▶ _Study material_
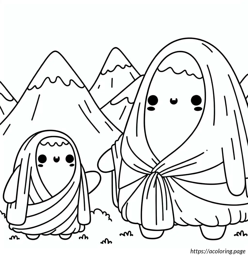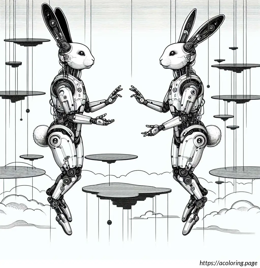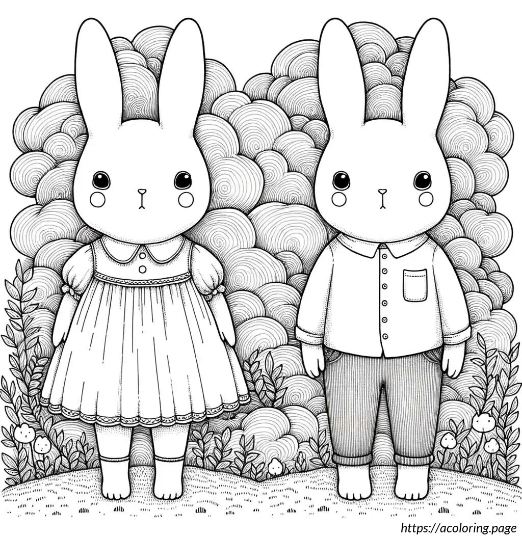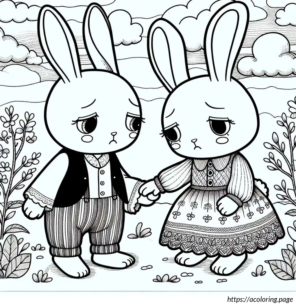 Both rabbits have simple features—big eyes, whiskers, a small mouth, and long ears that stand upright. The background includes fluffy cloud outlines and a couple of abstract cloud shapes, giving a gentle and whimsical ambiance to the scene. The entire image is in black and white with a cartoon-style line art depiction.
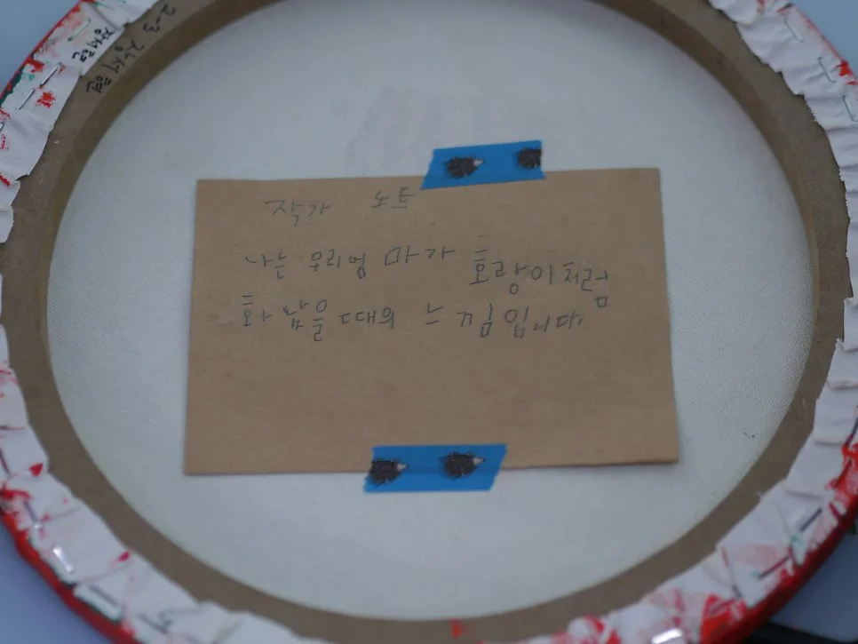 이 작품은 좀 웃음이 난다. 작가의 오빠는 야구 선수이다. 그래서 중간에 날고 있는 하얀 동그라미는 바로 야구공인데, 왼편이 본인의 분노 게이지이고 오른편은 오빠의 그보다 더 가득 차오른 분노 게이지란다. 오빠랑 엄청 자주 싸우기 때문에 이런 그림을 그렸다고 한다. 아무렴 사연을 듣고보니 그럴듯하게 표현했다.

...

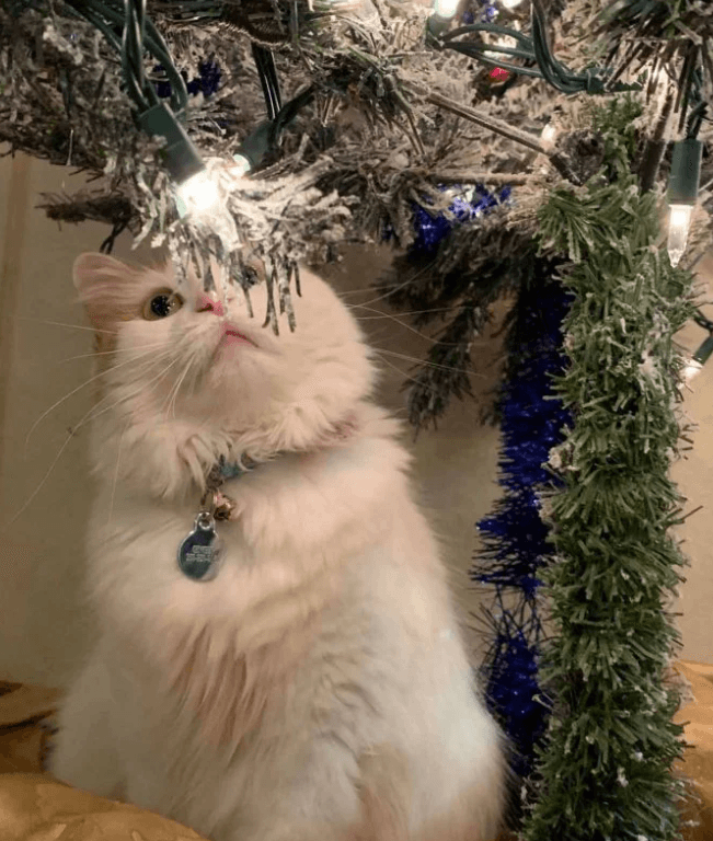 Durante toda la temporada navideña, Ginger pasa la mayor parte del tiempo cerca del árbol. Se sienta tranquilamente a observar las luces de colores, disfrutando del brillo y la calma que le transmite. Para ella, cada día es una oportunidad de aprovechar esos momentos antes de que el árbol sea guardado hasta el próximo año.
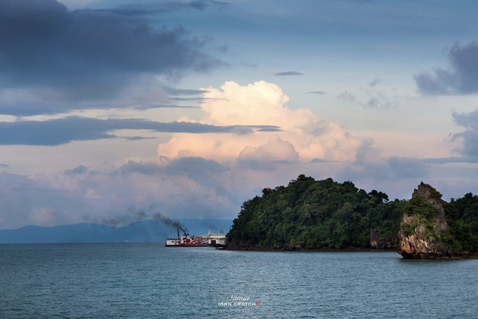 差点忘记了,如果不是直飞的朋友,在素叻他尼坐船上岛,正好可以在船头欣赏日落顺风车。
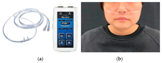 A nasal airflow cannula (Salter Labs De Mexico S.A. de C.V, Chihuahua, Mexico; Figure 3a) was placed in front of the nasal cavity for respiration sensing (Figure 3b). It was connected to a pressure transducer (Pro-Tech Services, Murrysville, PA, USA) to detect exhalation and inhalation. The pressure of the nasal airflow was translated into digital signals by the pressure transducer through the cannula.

...

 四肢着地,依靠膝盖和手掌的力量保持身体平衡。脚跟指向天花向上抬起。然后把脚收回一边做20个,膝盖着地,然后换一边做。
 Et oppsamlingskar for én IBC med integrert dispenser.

▶ _Instructions for the task_
Print, exactly and with no pictures, the lines of the listing above starting at the one that has "Both rabbits have" and ending at the one that has "이 작품은 좀 웃음이", both included.

▶ _Solution to the exercise_
 Both rabbits have simple features—big eyes, whiskers, a small mouth, and long ears that stand upright. The background includes fluffy cloud outlines and a couple of abstract cloud shapes, giving a gentle and whimsical ambiance to the scene. The entire image is in black and white with a cartoon-style line art depiction.
 이 작품은 좀 웃음이 난다. 작가의 오빠는 야구 선수이다. 그래서 중간에 날고 있는 하얀 동그라미는 바로 야구공인데, 왼편이 본인의 분노 게이지이고 오른편은 오빠의 그보다 더 가득 차오른 분노 게이지란다. 오빠랑 엄청 자주 싸우기 때문에 이런 그림을 그렸다고 한다. 아무렴 사연을 듣고보니 그럴듯하게 표현했다.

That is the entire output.